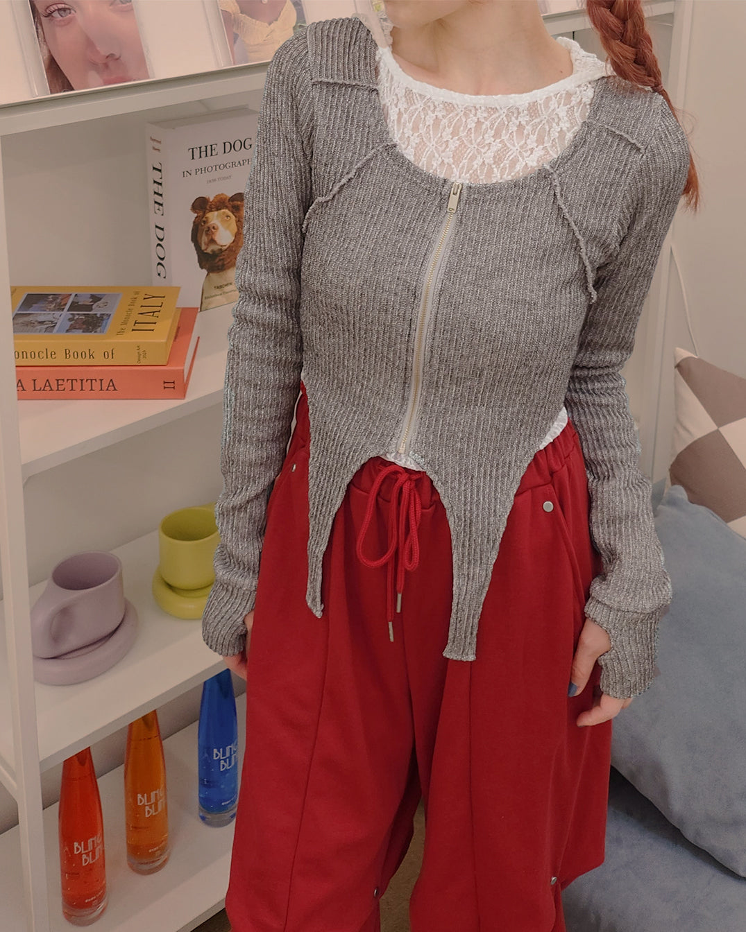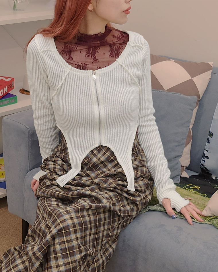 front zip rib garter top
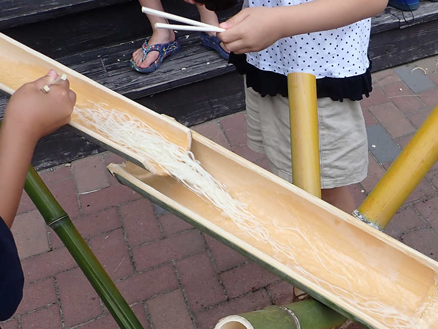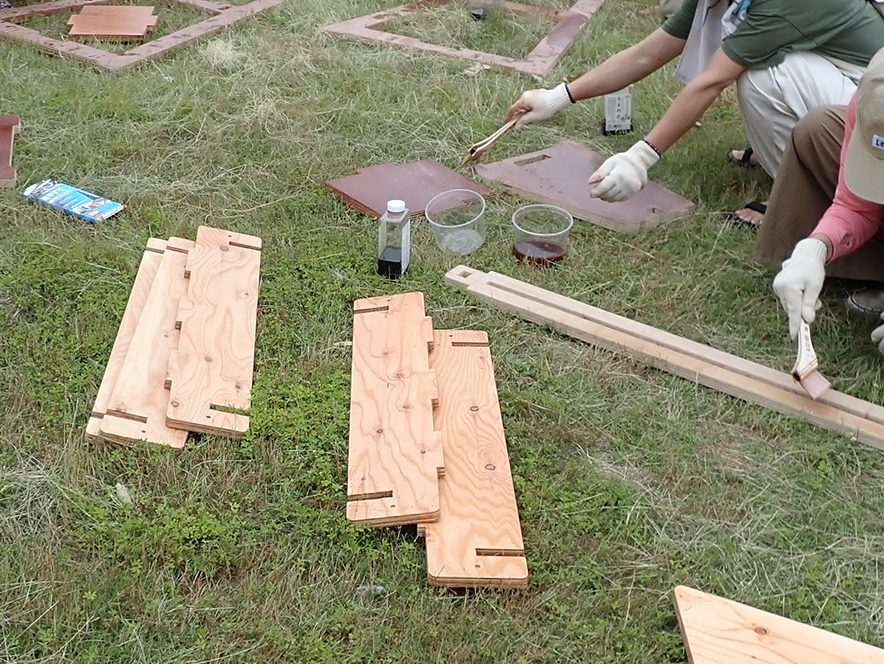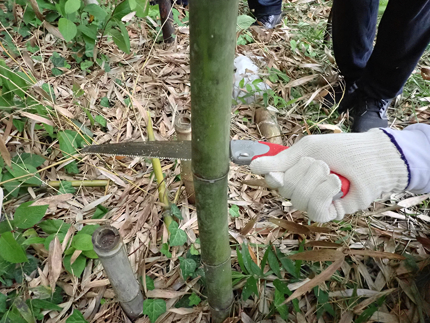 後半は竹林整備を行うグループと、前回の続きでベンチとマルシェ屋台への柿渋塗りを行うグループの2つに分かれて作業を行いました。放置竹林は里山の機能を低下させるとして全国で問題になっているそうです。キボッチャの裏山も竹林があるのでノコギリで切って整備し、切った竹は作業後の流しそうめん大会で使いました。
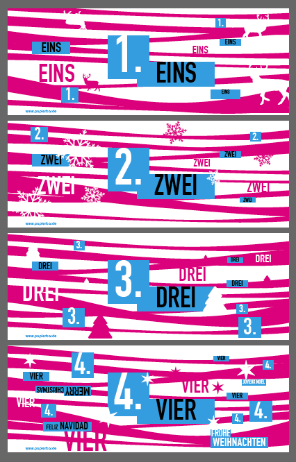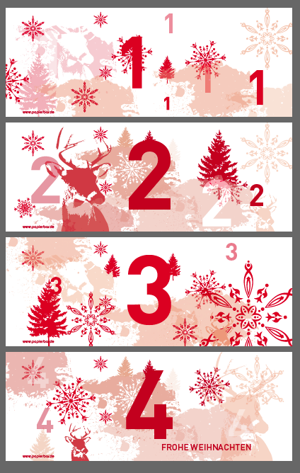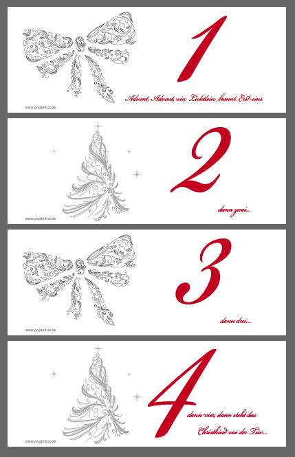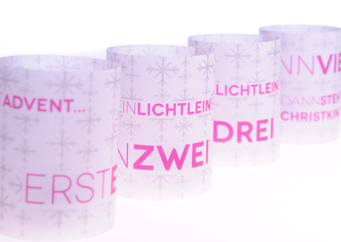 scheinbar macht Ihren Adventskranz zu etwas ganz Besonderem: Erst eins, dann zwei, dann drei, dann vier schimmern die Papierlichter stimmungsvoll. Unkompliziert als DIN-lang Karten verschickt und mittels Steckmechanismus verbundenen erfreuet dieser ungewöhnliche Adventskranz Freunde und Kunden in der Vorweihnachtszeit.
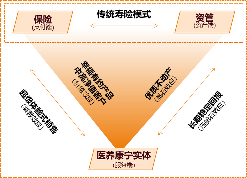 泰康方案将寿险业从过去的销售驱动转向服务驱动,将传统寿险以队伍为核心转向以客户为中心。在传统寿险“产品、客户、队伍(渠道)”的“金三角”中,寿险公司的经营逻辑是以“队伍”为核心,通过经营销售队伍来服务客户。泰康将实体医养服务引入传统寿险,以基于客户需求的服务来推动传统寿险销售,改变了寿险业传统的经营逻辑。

§ **Exercise details**: Up in the listing, locate the line with "後半は竹林整備を行うグループ"; print it and every line after it down to the line with "scheinbar macht Ihren", which is included too. Skip the pictures.

§ **Answer for this exercise**:
 後半は竹林整備を行うグループと、前回の続きでベンチとマルシェ屋台への柿渋塗りを行うグループの2つに分かれて作業を行いました。放置竹林は里山の機能を低下させるとして全国で問題になっているそうです。キボッチャの裏山も竹林があるのでノコギリで切って整備し、切った竹は作業後の流しそうめん大会で使いました。
 scheinbar macht Ihren Adventskranz zu etwas ganz Besonderem: Erst eins, dann zwei, dann drei, dann vier schimmern die Papierlichter stimmungsvoll. Unkompliziert als DIN-lang Karten verschickt und mittels Steckmechanismus verbundenen erfreuet dieser ungewöhnliche Adventskranz Freunde und Kunden in der Vorweihnachtszeit.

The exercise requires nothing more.